Once you find the line containing "Taxta rəsm molberti" in the data below, copy it and each following line exactly, up to and including the line containing "2026年1月17日の段階で", and nothing else.

◆ THE RECORDS ◆
■ ■ ■ ■ ■ ■ ■

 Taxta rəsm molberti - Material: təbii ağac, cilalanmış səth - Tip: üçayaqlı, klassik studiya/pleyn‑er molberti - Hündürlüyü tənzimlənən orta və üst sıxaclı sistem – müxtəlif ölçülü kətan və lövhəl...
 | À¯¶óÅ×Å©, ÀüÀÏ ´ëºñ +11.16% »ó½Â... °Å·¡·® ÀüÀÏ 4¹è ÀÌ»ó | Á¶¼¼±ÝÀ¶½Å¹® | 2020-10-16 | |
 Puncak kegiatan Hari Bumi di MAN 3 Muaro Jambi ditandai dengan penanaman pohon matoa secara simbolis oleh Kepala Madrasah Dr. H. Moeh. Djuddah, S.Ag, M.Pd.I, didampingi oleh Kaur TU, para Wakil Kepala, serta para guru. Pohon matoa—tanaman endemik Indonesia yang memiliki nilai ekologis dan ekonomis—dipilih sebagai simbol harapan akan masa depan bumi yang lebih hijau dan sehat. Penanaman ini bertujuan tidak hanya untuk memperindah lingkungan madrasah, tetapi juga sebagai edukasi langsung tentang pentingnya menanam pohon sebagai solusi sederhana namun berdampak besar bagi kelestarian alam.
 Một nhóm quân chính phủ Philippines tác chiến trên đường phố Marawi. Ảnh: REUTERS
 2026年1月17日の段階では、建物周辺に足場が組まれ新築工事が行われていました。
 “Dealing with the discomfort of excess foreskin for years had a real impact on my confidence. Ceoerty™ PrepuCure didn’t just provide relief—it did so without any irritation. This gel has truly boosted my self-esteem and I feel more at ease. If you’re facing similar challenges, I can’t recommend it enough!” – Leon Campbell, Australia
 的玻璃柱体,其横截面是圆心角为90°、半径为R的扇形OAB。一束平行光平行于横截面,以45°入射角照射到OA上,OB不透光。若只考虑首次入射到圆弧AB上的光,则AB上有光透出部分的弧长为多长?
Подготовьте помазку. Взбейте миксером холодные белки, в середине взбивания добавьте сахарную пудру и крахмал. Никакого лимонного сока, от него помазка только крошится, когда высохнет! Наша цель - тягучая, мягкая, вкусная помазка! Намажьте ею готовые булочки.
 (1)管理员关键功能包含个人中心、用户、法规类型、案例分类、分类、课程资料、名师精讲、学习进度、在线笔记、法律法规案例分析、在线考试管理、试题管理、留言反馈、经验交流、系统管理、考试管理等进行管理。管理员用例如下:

■ ■ ■ ■ ■ ■ ■

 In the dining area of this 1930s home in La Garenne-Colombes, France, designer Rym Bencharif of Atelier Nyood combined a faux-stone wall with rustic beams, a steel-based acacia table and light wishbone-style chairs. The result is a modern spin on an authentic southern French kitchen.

■ ■ ■ ■ ■ ■ ■

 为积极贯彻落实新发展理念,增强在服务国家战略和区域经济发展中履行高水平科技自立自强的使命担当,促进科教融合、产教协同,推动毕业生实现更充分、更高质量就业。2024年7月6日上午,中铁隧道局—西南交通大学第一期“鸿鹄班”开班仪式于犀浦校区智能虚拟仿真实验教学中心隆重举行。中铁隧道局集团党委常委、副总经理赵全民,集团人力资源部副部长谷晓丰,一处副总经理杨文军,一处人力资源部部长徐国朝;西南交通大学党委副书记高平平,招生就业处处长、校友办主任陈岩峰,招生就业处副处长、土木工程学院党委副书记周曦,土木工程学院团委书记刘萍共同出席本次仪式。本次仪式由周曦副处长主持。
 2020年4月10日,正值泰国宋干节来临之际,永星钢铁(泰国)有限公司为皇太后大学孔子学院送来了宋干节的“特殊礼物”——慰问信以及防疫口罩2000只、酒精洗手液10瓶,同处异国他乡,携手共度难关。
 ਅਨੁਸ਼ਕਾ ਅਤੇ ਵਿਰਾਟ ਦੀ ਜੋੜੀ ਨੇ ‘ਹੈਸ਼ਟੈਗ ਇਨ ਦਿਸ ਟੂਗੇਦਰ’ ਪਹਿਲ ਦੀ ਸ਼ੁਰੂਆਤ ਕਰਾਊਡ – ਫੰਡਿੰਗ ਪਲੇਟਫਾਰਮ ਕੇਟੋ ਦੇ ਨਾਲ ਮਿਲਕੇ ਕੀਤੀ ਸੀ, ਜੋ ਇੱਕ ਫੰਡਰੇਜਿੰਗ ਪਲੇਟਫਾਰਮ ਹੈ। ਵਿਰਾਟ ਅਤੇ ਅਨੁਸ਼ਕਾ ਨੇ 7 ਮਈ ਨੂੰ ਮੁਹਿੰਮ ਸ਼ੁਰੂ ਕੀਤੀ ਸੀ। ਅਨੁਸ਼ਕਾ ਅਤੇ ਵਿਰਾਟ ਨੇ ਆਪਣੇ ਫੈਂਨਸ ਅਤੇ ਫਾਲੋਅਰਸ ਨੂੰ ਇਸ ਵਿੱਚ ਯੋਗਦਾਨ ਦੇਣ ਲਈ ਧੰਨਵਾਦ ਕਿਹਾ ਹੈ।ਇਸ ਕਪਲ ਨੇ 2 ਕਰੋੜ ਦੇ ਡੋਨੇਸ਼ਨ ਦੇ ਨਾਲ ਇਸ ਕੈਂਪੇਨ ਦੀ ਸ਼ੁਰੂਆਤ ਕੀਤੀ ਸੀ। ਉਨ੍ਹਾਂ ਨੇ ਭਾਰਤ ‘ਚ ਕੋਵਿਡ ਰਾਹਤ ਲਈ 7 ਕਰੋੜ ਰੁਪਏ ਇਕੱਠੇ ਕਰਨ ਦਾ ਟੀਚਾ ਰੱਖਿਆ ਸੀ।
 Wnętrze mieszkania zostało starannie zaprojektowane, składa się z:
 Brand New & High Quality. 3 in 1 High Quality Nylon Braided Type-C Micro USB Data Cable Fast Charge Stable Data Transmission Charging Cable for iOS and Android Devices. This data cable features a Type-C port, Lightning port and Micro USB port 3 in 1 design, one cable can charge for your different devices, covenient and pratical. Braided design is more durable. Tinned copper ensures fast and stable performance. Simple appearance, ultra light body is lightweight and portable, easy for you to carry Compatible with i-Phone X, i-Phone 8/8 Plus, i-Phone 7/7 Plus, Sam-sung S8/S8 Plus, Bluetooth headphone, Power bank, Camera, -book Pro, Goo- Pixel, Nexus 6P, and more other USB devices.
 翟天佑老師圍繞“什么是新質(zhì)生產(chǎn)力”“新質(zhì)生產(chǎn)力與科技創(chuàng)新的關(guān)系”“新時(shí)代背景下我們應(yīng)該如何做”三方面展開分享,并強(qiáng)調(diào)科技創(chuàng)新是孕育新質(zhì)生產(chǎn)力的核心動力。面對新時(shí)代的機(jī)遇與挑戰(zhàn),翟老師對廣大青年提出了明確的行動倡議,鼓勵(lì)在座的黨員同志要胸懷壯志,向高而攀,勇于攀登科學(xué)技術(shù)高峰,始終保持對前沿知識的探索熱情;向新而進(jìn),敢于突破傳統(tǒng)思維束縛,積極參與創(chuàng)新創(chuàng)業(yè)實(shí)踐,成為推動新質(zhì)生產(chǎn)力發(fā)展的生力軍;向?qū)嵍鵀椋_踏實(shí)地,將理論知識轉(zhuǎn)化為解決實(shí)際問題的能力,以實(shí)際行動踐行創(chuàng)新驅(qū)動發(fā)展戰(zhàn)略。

■ ■ ■ ■ ■ ■ ■

◆ ANSWER BELOW ◆
 Taxta rəsm molberti - Material: təbii ağac, cilalanmış səth - Tip: üçayaqlı, klassik studiya/pleyn‑er molberti - Hündürlüyü tənzimlənən orta və üst sıxaclı sistem – müxtəlif ölçülü kətan və lövhəl...
 | À¯¶óÅ×Å©, ÀüÀÏ ´ëºñ +11.16% »ó½Â... °Å·¡·® ÀüÀÏ 4¹è ÀÌ»ó | Á¶¼¼±ÝÀ¶½Å¹® | 2020-10-16 | |
 Puncak kegiatan Hari Bumi di MAN 3 Muaro Jambi ditandai dengan penanaman pohon matoa secara simbolis oleh Kepala Madrasah Dr. H. Moeh. Djuddah, S.Ag, M.Pd.I, didampingi oleh Kaur TU, para Wakil Kepala, serta para guru. Pohon matoa—tanaman endemik Indonesia yang memiliki nilai ekologis dan ekonomis—dipilih sebagai simbol harapan akan masa depan bumi yang lebih hijau dan sehat. Penanaman ini bertujuan tidak hanya untuk memperindah lingkungan madrasah, tetapi juga sebagai edukasi langsung tentang pentingnya menanam pohon sebagai solusi sederhana namun berdampak besar bagi kelestarian alam.
 Một nhóm quân chính phủ Philippines tác chiến trên đường phố Marawi. Ảnh: REUTERS
 2026年1月17日の段階では、建物周辺に足場が組まれ新築工事が行われていました。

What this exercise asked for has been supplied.